エアロバイロンメント(AVAV:AeroVironment) – 全防衛領域に量産型テックを提供 –
本動画では、米ドル建て株式への投資を前提として、エアロバイロンメント社(AeroVironment、以下「AV」)の概要と、2026年Q3(2026/1月期)までの決算動向を確認し、同社への投資を検討する上での着目点を整理する。
AV社の事業概要
- AV社は比較的低コストで大量生産可能な装備を開発・供給する軍需企業。顧客(米軍)と密接に連携しつつ今後の軍事上のニーズを実用化。ベンチャー系防衛テック企業のような開発の俊敏性を併せ持つ。
AV社のFY2025、FY2026第3四半期連結決算
- AV社の直近四半期(FY2026Q3)の売上高は前年比+143%の増収。

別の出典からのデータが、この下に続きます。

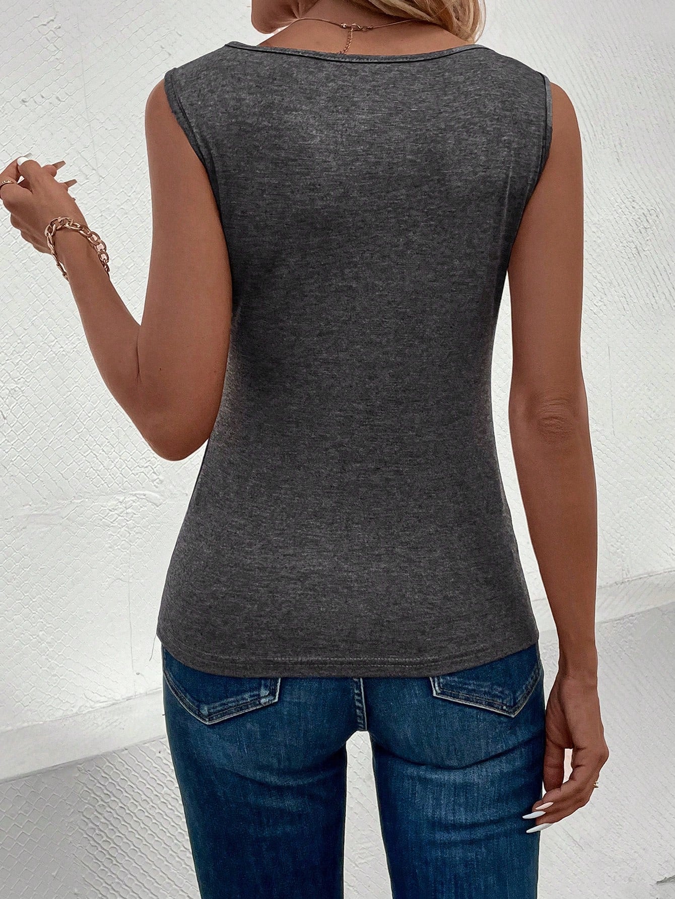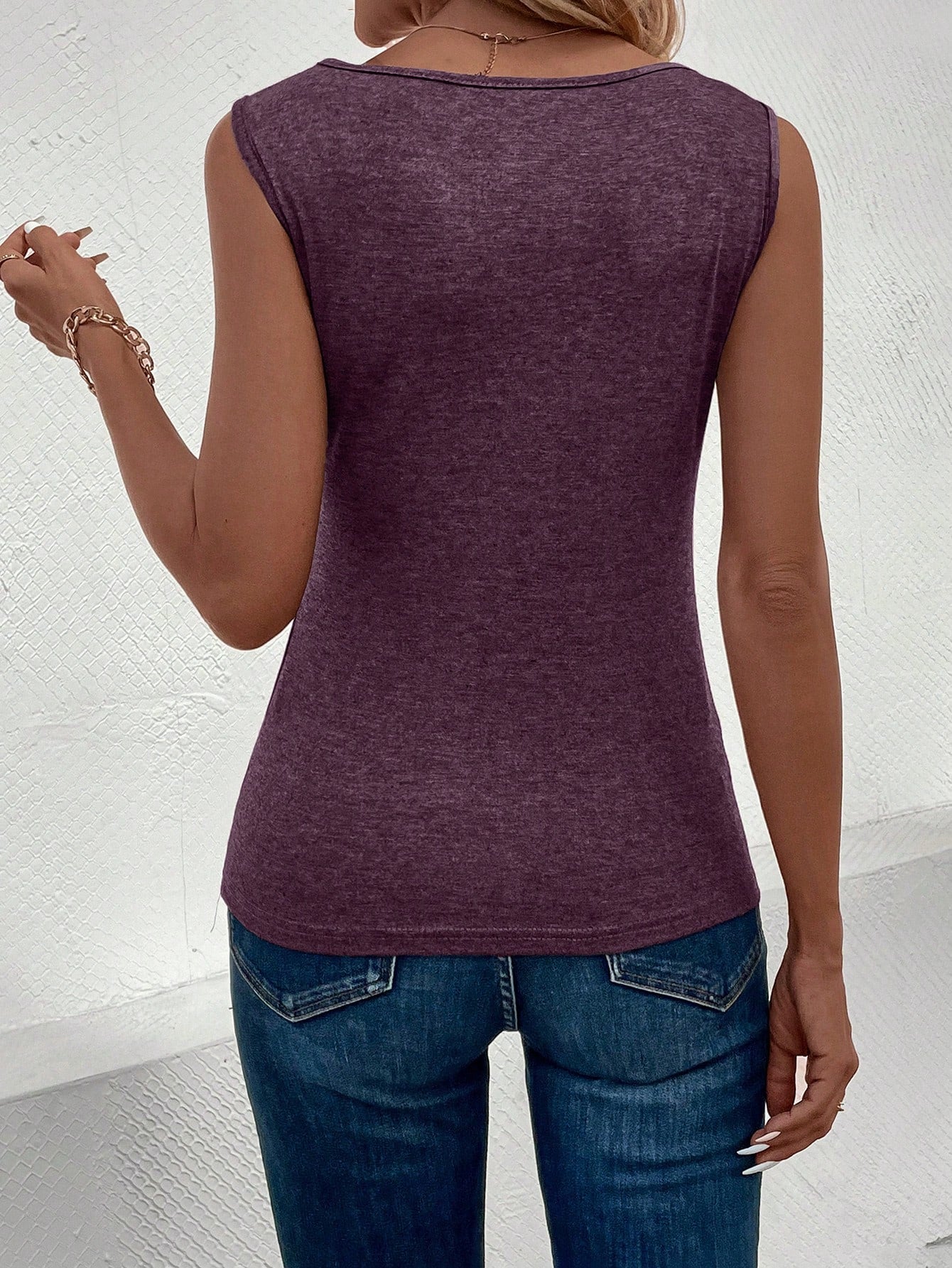 Canottiera Da Donna A Maniche Corte Tinta Unita Per L'estate

ただしBlueHaloの買収影響も含んでおり、従来事業のオーガニック成長分は前年比+38%。
- Q3決算では、米国宇宙軍向け既存の契約に「利用停止命令」が出たことを受け、宇宙事業ののれん減損-151百万ドルを計上。さらに、BlueHaloの買収に伴う償却(減損)費の計上もあり、ボトムラインでは-156.6百万ドルの純損失に(前年は1.8百万ドルの損失)。
AV社の事業別状況
- AV社の主力事業は自律システム分野で売上の約2/3を占める。米陸軍からのUAS受注残は、5年間で総額8.74億ドルなど。AV社では、迎撃用無人航空機システム(Titan)や、対空レーザー兵器システム(Locust)に、多くの成長機会があると説明。
- 一方、宇宙分野では米宇宙軍からの契約打ち切りの影響により、同分野の売上が回復するのはFY2028以降の見込み。
AV社の成長機会と潜在リスク、株式投資の考え方
- イランでの紛争における現実が、一方向攻撃ドローン、カウンターUAS、指向性エネルギー兵器、ISRドローンの需要をさらに押し上げる可能性。兵器体系の世代更新の機会に。

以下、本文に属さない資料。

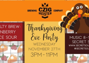 Join freinds for craft beer, featuring Cranberry Sauce Sour specialty brew, and live music from Secret Sound Band (8-11pm).
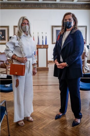 Η Ναντίν Αρσλανιάν έκλεψε τις εντυπώσεις κατά τη διάρκεια της επίσκεψης του γερουσιαστή στο Μέγαρο Μαξίμου με τον Κυριάκο Μητσοτάκη.
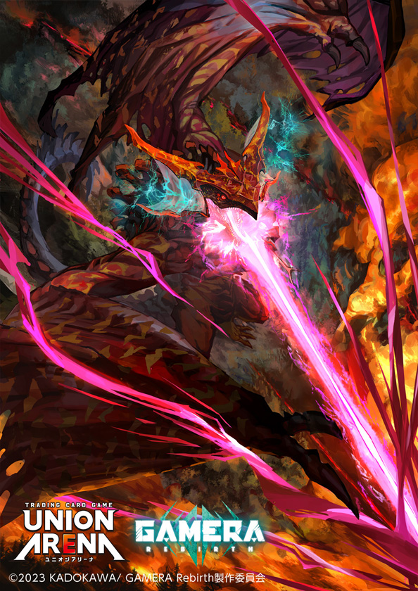 absurdly_long_tail breath_weapon claws crest dust electricity emaciated energy energy_beam engi_(animation_studio) english_text epic explosion extra_eyes feet fire gamera_(series) gamera_-rebirth- giant giant_monster glowing glowing_eyes glowing_horns gyaos horns japanese_text kadokawa kaiju kurodra laser logo maser maser_beam monster mouth_beam night no_humans official_art open_mouth red_eyes s-gyaos sharp_teeth slit_pupils smoke tail talons teeth tongue torn_wings ultrasonic_scalpel union_arena very_long_tail wings

- Q3決算の9か月累計では約9割が米国政府からの売上。SCAR以外の分野では、大量消耗品も含まれており最終的な支払いの実現性はより確実となりやすい。
- FY2026(2026年4月期)予想利益ベースでは、株価を210ドル前後とするとPERは約72倍と割高なイメージ。ただし同社では、FY2027とそれ以降の売上高が年あたり+30%以上の成長を持続する見込みを示し、さらに一過性コストの宇宙関連の減損影響も無くなることで、マージン拡大の可能性も。
- 短期的な費用の計上や減益により、株価が下方に修正されているタイミングの方が、同社への投資機会となりやすい可能性もある。